Thursday, 27 May 2010

478 YOU ARE HERE, Cold Fusion, Swindon Victoria, Thursday 21 December 2000

So my good friend Tim has finally got his shit together and formed a band of his own, also featuring occasional gig buddies Andy Belcher and Mark Hawkins. I'd missed their debut gig in July thanks to my peritonitis recovery, so I wasn't about to miss this one! So I picked Rachel and her friend Aaron up, hitting the Victoria in Old Town for the first time for a gig, surprisingly so as the Vic is local, and owned by Kev and Nicky Fitzgerald, 2 old friends of mine.

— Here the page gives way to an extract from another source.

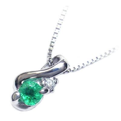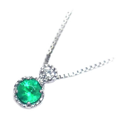 オシャレなモチーフが幸せの誕生石をそっと包み込む。個性豊なおしゃれやプレゼントに最適。5月の誕生石(エメラルド)送料無料 保証書付。ネックレス K18WG 約 40cm エメラルドペンダントトップ タテ約 5mm×ヨコ約 5mmお好きな誕生石をクリックしてください。1月ガーネット2月アメジスト3月アクアマリン4月ダイヤモンド5月エメラルド6月ムーンストーン 7月ルビー8月ペリドット9月サファイヤ10月トルマリン11月トパーズ12月タンザナイトプレゼントジュエリーのトップページへ

Nice to gig in Swindon again, even if this means having to put up with sub-standard local supports such as Cold Fusion, who admittedly started off well with a spritely pop/rock number which recalled Power Of Dreams, but then degenerated into sub Bon Jovi pseudo anthemic stadium dirge, with a few twiddly prog rock flirtations along the way.

Mark had said beforehand that for this, YAH's 2nd only show ever, he was feeling seriously nervy. They took the stage at 10.15 to a busy crowd in this small back room venue, and also to a volley of, "rock cliché!" catcalls from myself, as I'd noted they'd put their single last on their set-list! However - and I'm not saying this because they're mates, I like to think I'm more objective and honest than that, and I've certainly slagged off bands Tim has been in before (Ish!) - they were bloody good straight from the off. Unsurprisingly, given the influences at work, You Are Here have a very American rock sound, but in an intelligent, low-fi way rather than the current power riffery and shouty rap nonsense that passes for US alt rock these days. Surprisingly jangly, prompting thoughts of early REM and their Brummie impersonators Onionhead, they came across as tight, together, well practised and even confident. "Feeling Confused", their Cold Water Flat sound-alike, and self-consciously understated yet almost jolly single "Not A Summer Song" were highlights of the set, and Mark, despite clutching to the mikestand for dear life throughout, didn't seem overly nervy at all.

A thrilling punk rock demolition of Wham's "Last Christmas" was a fun encore, but an odd juxtaposition for a band who have craft, intelligence and lots of potential, and who we should all take more seriously. You Are Here - guys, you are almost there!